It takes 37.16 mL of 0.510 M HCL to neutralize 25.00 mL of NaOh. What is the concentration of the NaOH?
there are .03716*0.510 = 0.01895 moles of HCl
Each mole of HCl neutralizes 1 mole of NaOH
So, there were .01895 moles of NaOH in 0.025L of solution.

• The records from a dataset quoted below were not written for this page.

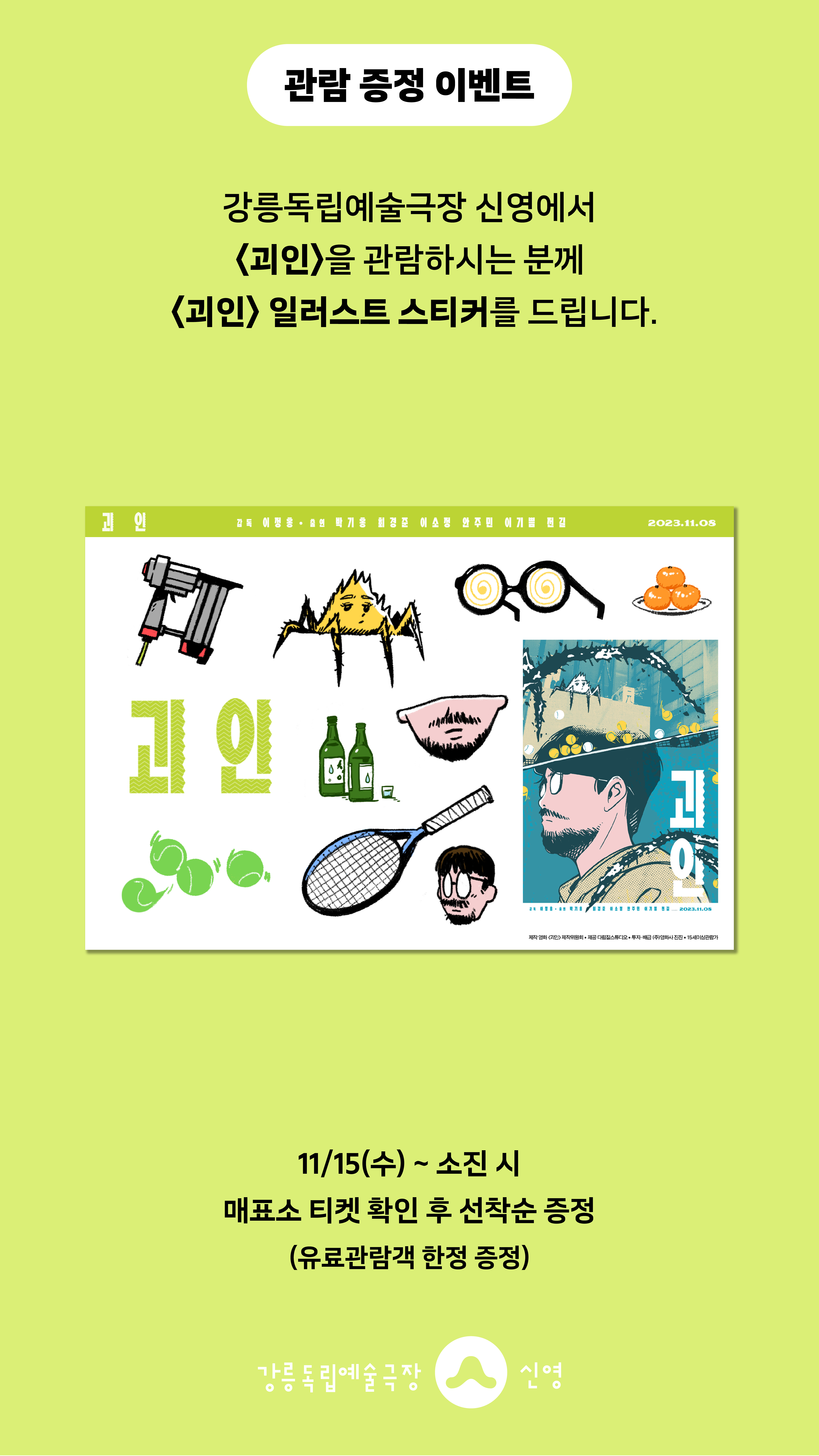강릉독립예술극장 신영에서 <괴인>을 관람하시는 분께 선착순으로 <괴인> 일러스트 스티커를 드립니다.
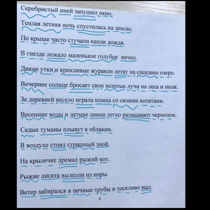 определение, которые отвечают на вопрос "какой? какая? какие? какое? и т. д. - волнистой линией. сказуемые, которые отвечают на вопрос что делать? что сделать? что сделает? и т. д. двумя линиями. подлежащие, которые отвечают на вопрос"кто? что?" - одной линией. дополнение, которые отвечают на вопросы "кого? кому? чему? чего? кем? чем? о ком? о чем" и т. д. вот такой линией "- - - - -" обстоятельство, которое отвечает на вопросы "где? куда? откуда? почему?" вот такой линией "-•-•-•-"
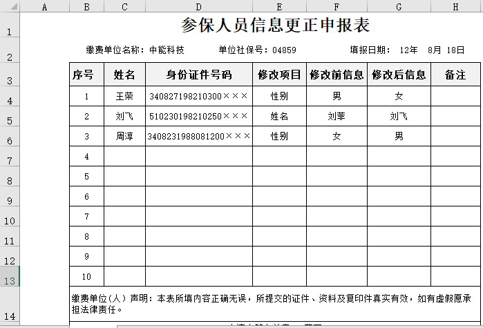 参保人员信息更正申报表
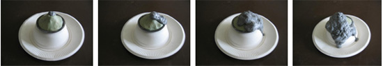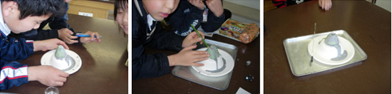 これに,重曹(10g)を加えて,割り箸でよく混ぜます。粘土をのせた蓋を置き,深い紙皿の上にセットします。 |
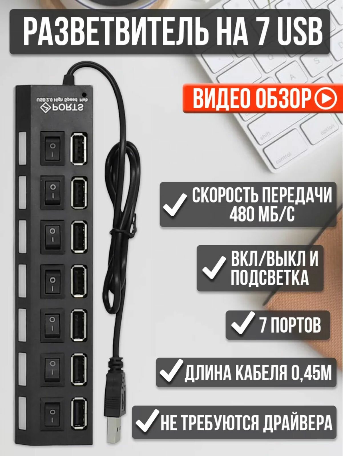 USB-концентратор на 7 разъемов с выключателями
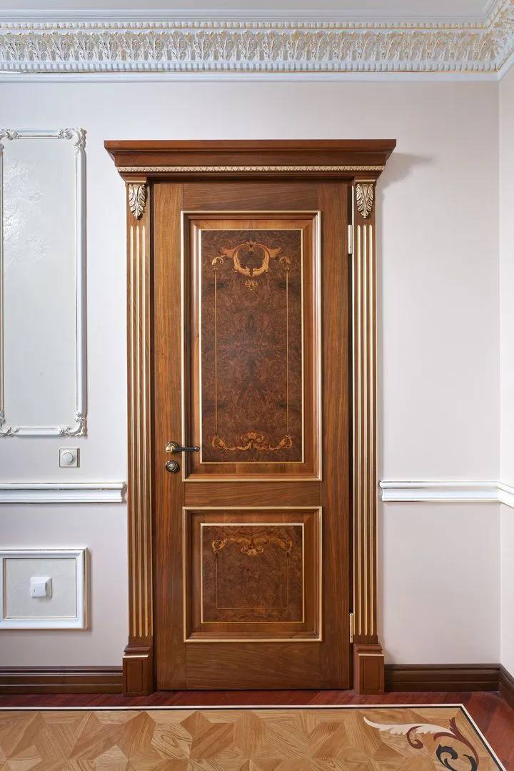 درب مدل آتریا، شاهکاری از هنر منبتکاری و طراحی کلاسیک است که با استفاده از چوب طبیعی و پرداخت براق، جلوهای لوکس و اصیل به فضای داخلی شما میبخشد. قاب اطراف درب با ستونهای شیاردار و سرستونهای برگ آکانتوس، الهامگرفته از معماری کلاسیک یونان و رم است.

Thus, the solution was
0.01895mol/0.025L = 0.758M
To find the concentration of NaOH, we can use the concept of stoichiometry. In a neutralization reaction between an acid (HCl) and a base (NaOH), the mole ratio between them is 1:1.
First, let's calculate the moles of HCl using the given volume and concentration.
Moles of HCl = Volume of HCl × Concentration of HCl
= 37.16 mL × 0.510 M
= 18.9456 mmol (millimoles)
Since the mole ratio between HCl and NaOH is 1:1, we know that the number of millimoles of NaOH is also 18.9456 mmol.
Now, we can find the concentration of NaOH by dividing the moles of NaOH by the volume of NaOH.
Concentration of NaOH = Moles of NaOH / Volume of NaOH
= 18.9456 mmol / 25.00 mL
= 0.7578 M
Therefore, the concentration of NaOH is 0.7578 M.